Similarly, the plaintiffs allege that the Act's establishment of insurance exchanges and other insurance regulatory mechanisms violates the Ninth and Tenth Amendments.  Am. Compl. ¶ 88.  Specifically, the plaintiffs claim that State authority over insurance regulation is displaced because, "[i]f a State does not satisfy federal requirements to progress toward creation of an intrastate insurance exchange between now and the end of 2010, or chooses not to operate an exchange, the federal government (or its contractor) will establish and administer an intrastate exchange within that State."  Am. Compl. ¶ 44.

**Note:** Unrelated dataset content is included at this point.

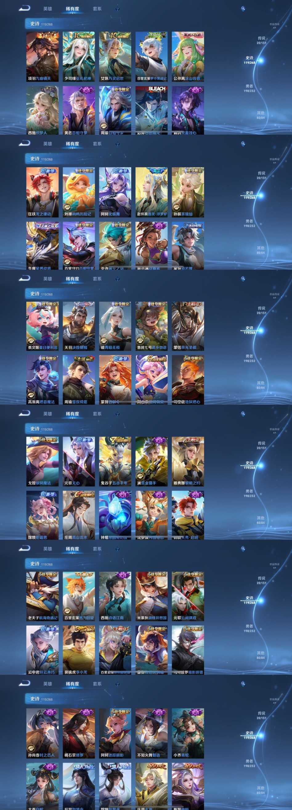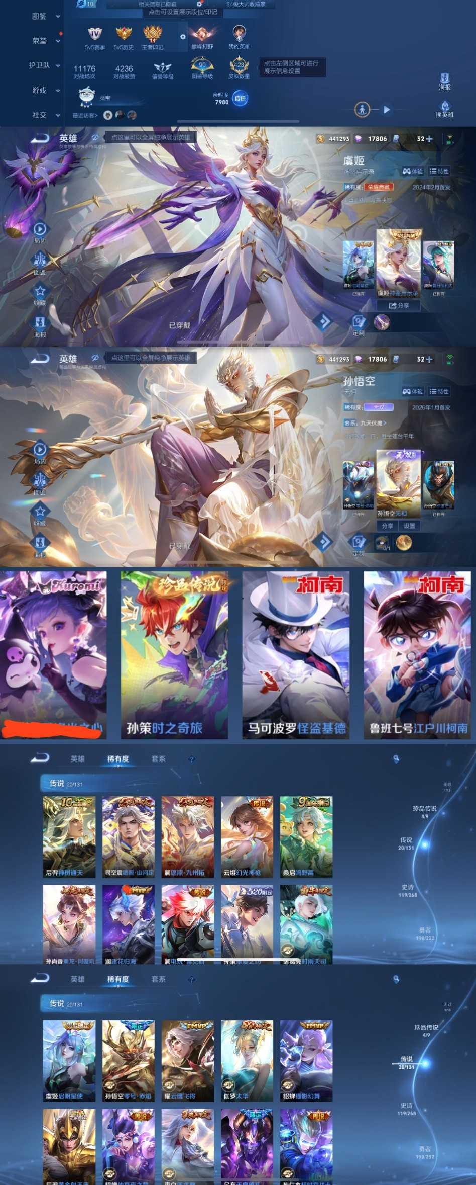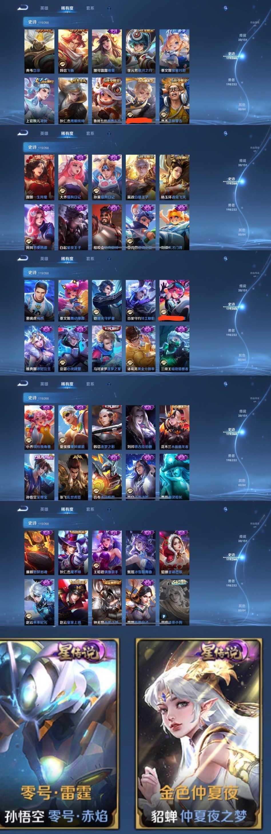 限制: 撤单率<49%才可租用此帐号装备描述:时间到了还登录白玩或者顶号全部改密拉黑处理永不解除,顶号机器会秒禁玩改密,顶号不仅拉黑还没得玩,赚三两块不容易,请理解谢谢。 ❤❤❤❤❤❤❤❤❤❤❤❤❤❤❤❤❤❤❤ 请勿开挂,挂机,送头,骂人,撤单后游戏等如有违规永久拉黑永不解除。 重置二级密码不要费劲了,号主每天都会上号查看,多行不义必自毙,人在做天在看,多做好事多自律,少做缺德事。 该号英雄128个皮肤423个,典藏1个,无双1个,珍品传说4个,星传说2个,传说20个,史诗119个,祝您游戏愉快~

The Constitution's federalism provisions sanction rather than prohibit placing these questions of political leadership and priorities to State officials and the residents they serve.  The people's representatives in Congress and President Barack Obama, supported by Amici State Legislators, have passed a health care reform law that expands coverage, cuts costs, ensures health insurance security for millions of Americans, and sets up a federal-State partnership that sets a minimum national floor of coverage and protection while allowing States significant options-including whether to continue in the Medicaid program, whether and in what manner a state insurance exchange should be established, and even whether to seek a waiver from the federal program and try to build a better health reform system.  As Justice O'Connor explained in New York v. United States, where Congress encourages State regulation or activity but does not expressly compel it, "state governments remain responsive to the local electorate's preferences; state officials remain accountable to the people."  505 U.S. 144, 168 (1992).  The plaintiffs should not be allowed to avoid political accountability to their constituents by asking the Court to do what they can't-or won't-do through the legislative and political processes.

Because Amici State Legislators believe that the Patient Protection and Affordable Care Act is within Congress's constitutional powers and is fully consonant with the federalism provisions of the Constitution, Amici support the Defendants' Motion to Dismiss and respectfully ask that it be granted.